╭─ RECORDS FOR THIS EXERCISE

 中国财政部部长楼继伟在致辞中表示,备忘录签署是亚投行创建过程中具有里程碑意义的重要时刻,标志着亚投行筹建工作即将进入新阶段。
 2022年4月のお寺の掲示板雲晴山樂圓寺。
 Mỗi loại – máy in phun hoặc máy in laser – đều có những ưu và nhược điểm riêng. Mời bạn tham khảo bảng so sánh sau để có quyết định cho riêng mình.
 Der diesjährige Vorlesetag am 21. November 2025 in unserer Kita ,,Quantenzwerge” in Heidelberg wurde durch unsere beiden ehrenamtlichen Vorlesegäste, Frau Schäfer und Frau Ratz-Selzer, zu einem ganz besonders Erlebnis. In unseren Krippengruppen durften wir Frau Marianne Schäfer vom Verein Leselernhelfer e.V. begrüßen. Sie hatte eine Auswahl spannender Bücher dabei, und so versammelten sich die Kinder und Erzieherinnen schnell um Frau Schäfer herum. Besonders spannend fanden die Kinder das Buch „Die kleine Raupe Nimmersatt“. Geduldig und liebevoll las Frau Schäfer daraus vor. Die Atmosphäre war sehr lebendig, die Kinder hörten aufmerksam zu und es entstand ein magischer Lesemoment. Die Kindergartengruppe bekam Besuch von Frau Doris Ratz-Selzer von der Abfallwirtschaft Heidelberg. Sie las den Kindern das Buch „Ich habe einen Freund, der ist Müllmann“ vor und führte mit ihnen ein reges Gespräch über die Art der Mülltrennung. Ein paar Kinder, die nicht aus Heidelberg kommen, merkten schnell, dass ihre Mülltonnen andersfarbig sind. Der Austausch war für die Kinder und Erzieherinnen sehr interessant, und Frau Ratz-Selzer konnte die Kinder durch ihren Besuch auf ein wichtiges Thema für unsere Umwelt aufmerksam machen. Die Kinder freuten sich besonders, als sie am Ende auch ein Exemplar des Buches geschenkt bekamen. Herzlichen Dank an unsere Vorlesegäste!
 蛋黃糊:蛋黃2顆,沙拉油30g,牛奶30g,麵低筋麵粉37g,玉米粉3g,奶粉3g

╰─
╭─ RECORDS FOR THIS EXERCISE

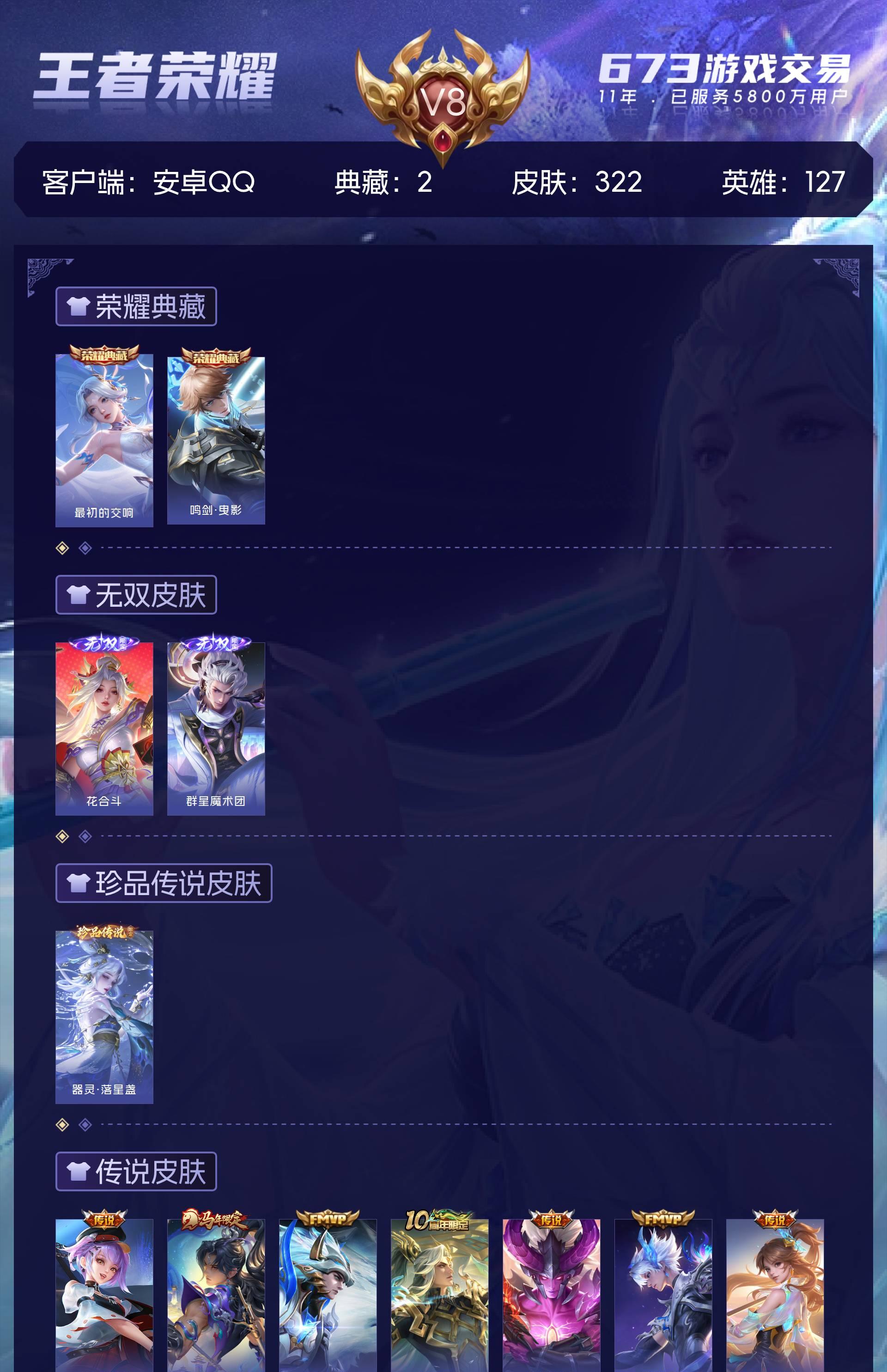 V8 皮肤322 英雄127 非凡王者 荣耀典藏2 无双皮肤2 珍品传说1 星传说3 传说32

╰─
╭─ RECORDS FOR THIS EXERCISE

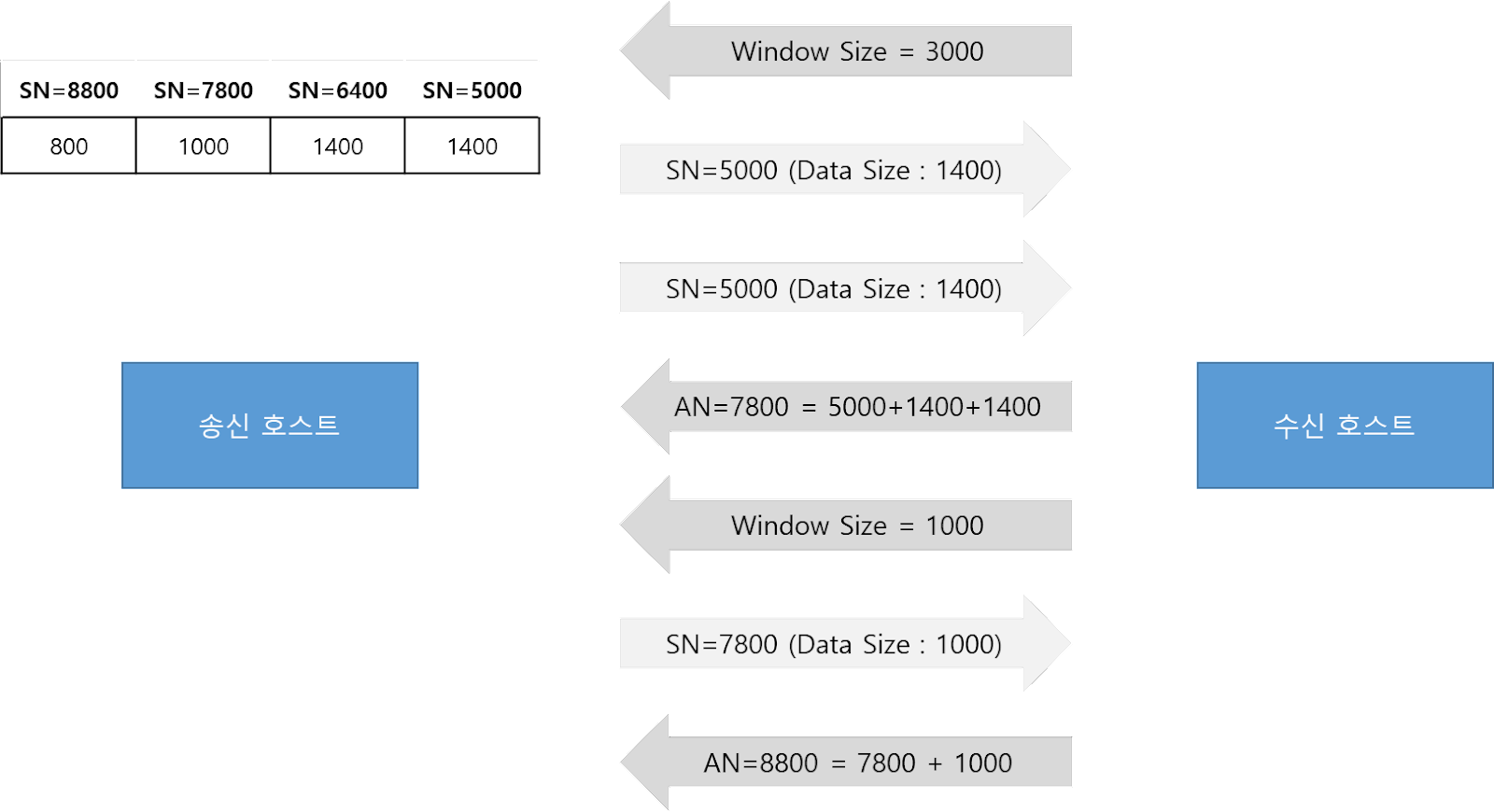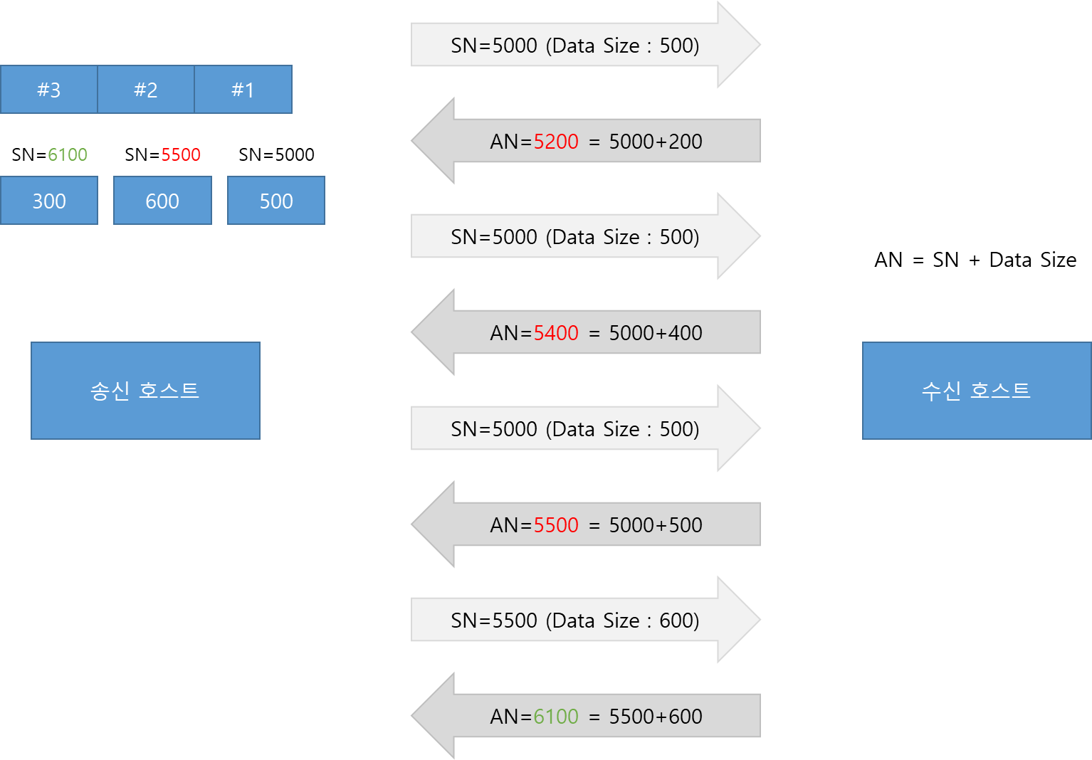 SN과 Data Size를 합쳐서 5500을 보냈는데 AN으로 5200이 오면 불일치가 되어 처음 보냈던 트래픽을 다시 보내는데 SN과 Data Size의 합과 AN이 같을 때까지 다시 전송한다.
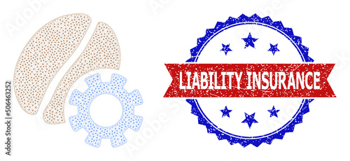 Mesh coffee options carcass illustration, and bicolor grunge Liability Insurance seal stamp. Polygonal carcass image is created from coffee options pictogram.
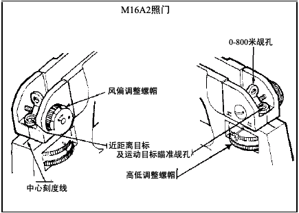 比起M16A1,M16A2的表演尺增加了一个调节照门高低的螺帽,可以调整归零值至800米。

╰─

_WORK REQUEST_
Print, without alteration, only the lines above between the one holding "中国财政部部长楼继伟在致辞中" and the one holding "Mỗi loại – máy", inclusive.

_RESULT OF THE TASK_
 中国财政部部长楼继伟在致辞中表示,备忘录签署是亚投行创建过程中具有里程碑意义的重要时刻,标志着亚投行筹建工作即将进入新阶段。
 2022年4月のお寺の掲示板雲晴山樂圓寺。
 Mỗi loại – máy in phun hoặc máy in laser – đều có những ưu và nhược điểm riêng. Mời bạn tham khảo bảng so sánh sau để có quyết định cho riêng mình.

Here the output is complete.